CIPN can be long-lasting and debilitating for a patient and, therefore, disrupt quality of life. It can also potentially lead to dose reduction and, in some cases, discontinuation of the agent causing the CIPN.
Chemotherapy-induced peripheral neuropathy (CIPN) occurs fairly frequently in patients. It is most often associated with treatment with paclitaxel.
CIPN can be long-lasting and debilitating for a patient and, therefore, disrupt quality of life. It can also potentially lead to dose reduction and, in some cases, discontinuation of the agent causing the CIPN.
However, a new study published in Journal of the National Cancer Institute shows multivitamin use may be associated with reduced risk of CIPN.
A team of researchers from across the United States identified a cohort of women with breast cancer receiving paclitaxel as part of a clinical trial (SWOG 0221). They examined their use of dietary supplements before diagnosis and during treatment.
Supplement use was evaluated in relation to CIPN, which was assessed by completing the National Cancer Institute Common Terminology Criteria for Adverse Events and the self-reported Functional Assessment of Cancer Therapy/Gynecologic Oncology Group Neurotoxicity subscale.
The study examined 1,225 women, who were asked to complete questionnaires at the time of their breast cancer diagnosis. A second questionnaire, given 6 months later, assessed supplement use in relation to CIPN during paclitaxel treatment.
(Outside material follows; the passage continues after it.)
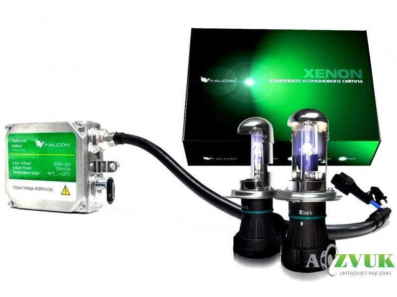 - Комплект біксенону Falcon – настановний комплект автомобільного світла, призначений для монтажу машини з моно оптикою. Рухлива шторка своїм рухом забезпечує перемикання між режимами ближнього та далекого світла. Лампи корейського виробництва Falcon представлені в трьох колірних температурах, що стає додатковою перевагою поряд із стійкістю до ударів, вібрацій та перепадів температур. Блоки розпалу Falcon разом із проводкою та конекторами забезпечують універсальність установки та безперебійність роботи. Установчий комплект біксенону – це безпечне водіння та якісне освітлення дорожнього полотна.

Researchers determined that multivitamin use before diagnosis was associated with reduced symptoms of CIPN. Use during treatment was marginally inversely associated with CIPN. Other supplement use, either before diagnosis or during treatment, was not significantly associated with CIPN.
Multivitamin use may be associated with reduced risk of CIPN, although individual dietary supplement use did not appreciably affect risk, according to the study authors.
They also note that use of multivitamins could reflect other behaviors that were not examined, such as good nutrition, which may cause or contribute to a reduction in CIPN.
The researchers recommend prospective randomized trials of vitamin supplementation, and note that recommendations for supplement use or changes in clinical practice are not warranted based on the results of their study.